20/06/14

A culpa é da mãe

Vivi na vila durante muito tempo. Era pequeno. Fazia parte das famílias dos sem. Sem dinheiro, sem emprego decente, sem futuro. Lá era comum as vizinhas desafetas abrirem a boca e escancarar ao mundo as suas diferenças. O mulherio não economizava nos elogios. Vez por outra e o pau pegava. Entre puxões de cabelos, unhadas, gritos e pontapés as bocas liberavam os impropérios mais cabeludos que se conhece. Os casos de traições, de supostos assédios e de possíveis facilitações eram resolvidos sumariamente. Não chegavam até o Judiciário. As lides eram compostas da forma mais primitiva que se conhece, sem direito a recursos e protelações.
O palavrão existe. Não dá pra dizer que o palavrão não faz parte do dia a dia. Uma cortada no trânsito será seguido, invariavelmente, de um fdp. É um instinto natural. Uma coisa comum. Banal até. No futebol, a ofensa faz parte do espetáculo. Em muitos casos é deprimente. Mas é fato consumado. É consenso que chamar juiz de ladrão é lícito num campo de futebol. Isto é aceito até entre os homens mais sensatos e educados. Ninguém vai exigir provas concretas e nem dará direito de ampla defesa ao árbitro. Ocorre que, neste caso, ao chamá-lo de ladrão não está se dizendo que ele construiu um patrimônio a partir dos seus erros de arbitragem. Nem mesmo se insinua que ele, ao final da partida receberá um chumaço de dólares ou euros. Não. É um xingamento, um ato de descarrego. Certo? Errado? Cada um faz o seu julgamento e tire as conclusões cabíveis ao seu desenvolvimento intelectual e moral.

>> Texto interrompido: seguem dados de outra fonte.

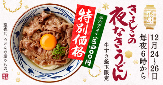 株式会社トリドールホールディングスグループが展開する讃岐うどん専門店「丸亀製麺」では、夜なきうどん企画 第6弾として、12月24日・25日・26日の3日間限定で、大好評の「牛すき釜玉」を特別価格で販売する。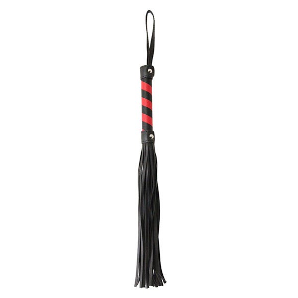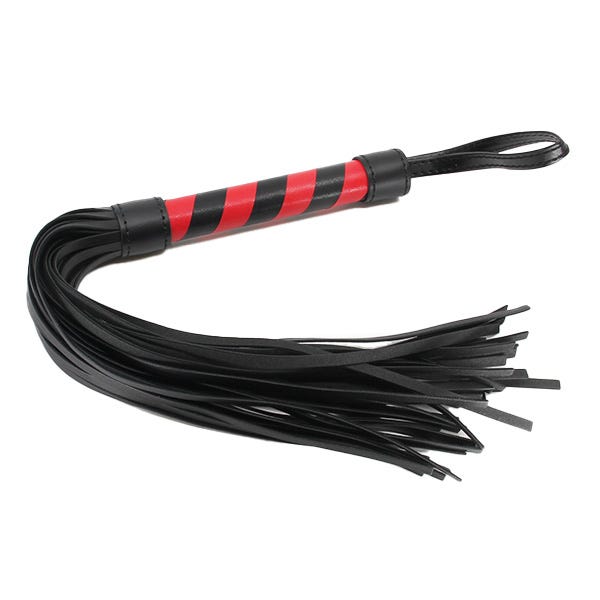 Deliver stings sweet as candy with this Love In Leather candy-striped faux leather striped flogger. Made from soft, vegan-friendly faux-leather, it features a red and black candy-striped handle, plus contrasting red stitch and silver stud details, making for an eye-catching design. The wooden-core handle and 13cm long wrist loop create a secure grip when flogging your lover.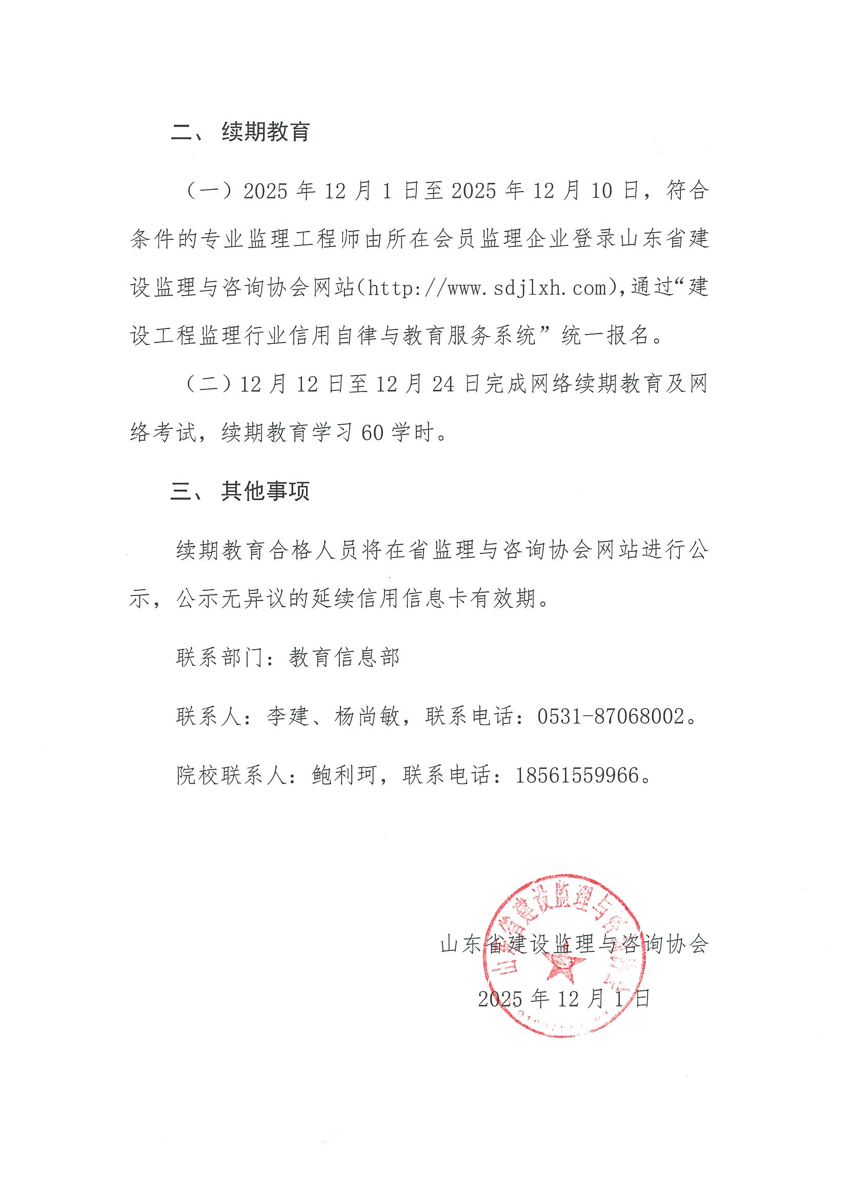 关于组织2025年度第四批专业监理工程师续期教育的通知

Nos meus tempos de guri se admitia de tudo. De tudo mesmo, menos falar mal da mãe ou da irmã. Isto era ofensa das mais graves, autorizando, inclusive, a luta corporal. Era para lavar a honra. Entendíamos que não se devia colocar mulher no meio de xingamento. As mulheres eram sagradas para nós.
Minha mãe, que sempre foi esperta, apesar de ter ido na escola até a terceira série, alertava que não devíamos xingar os outros. “Não quero nome feio aqui em casa”. Quando nossas bocas inadvertidamente deixavam escapar algum impropério, considerado por ela ofensivo demais, nos olhava com ar de reprimenda e dizia: “vou lavar esta boca com soda!”. Ela era convincente. O artifício primitivo que ela usava sempre deu certo. Se não desse, certamente teria outros “argumentos” mais fortes.
Cresci sem dizer palavrão. Ficava corado quando ouvia na escola. Ainda hoje não aceito muito bem. Talvez a única exceção seja na literatura como caracterização de personagem de baixa estatura moral. E foi o que senti quando os privilegiados que tomavam conta do Itaquerão na abertura da Copa do Mundo abriram suas bocas e escancararam a todos quantos tiveram ouvidos para ouvir as manifestações mais deselegantes da hora. Enquanto a bola rolava não perderam a oportunidade e revelaram ao mundo sua total falta de respeito e consideração pela presidente do Brasil. Que discordassem das duas políticas, que protestassem contra a corrupção, que vaiassem a presidente (o que considero grosseiro). Tudo bem. Mas chegar ao ponto que chegamos é desanimador. E depois muitos comentaram que assim agiam porque os recursos não foram gastos com educação. Ora, que falácia. Não há dinheiro no mundo que remende o irremendável. Não há dinheiro no mundo que compre cultura. Não há como comprar bons modos.
Era gente que pagou quase mil reais para sentar seus traseiros no melhor dos confortos. Não eram meros coadjuvantes. Eram privilegiados. Não estavam por causa de alguma necessidade básica, coberta pelo bolsa família ou pelo Prouni. Era gente de primeira classe. Gente da elite.
Talvez tenha faltado a eles uma mãe que tenha dito um dia; “vou lavar esta boca com soda!”.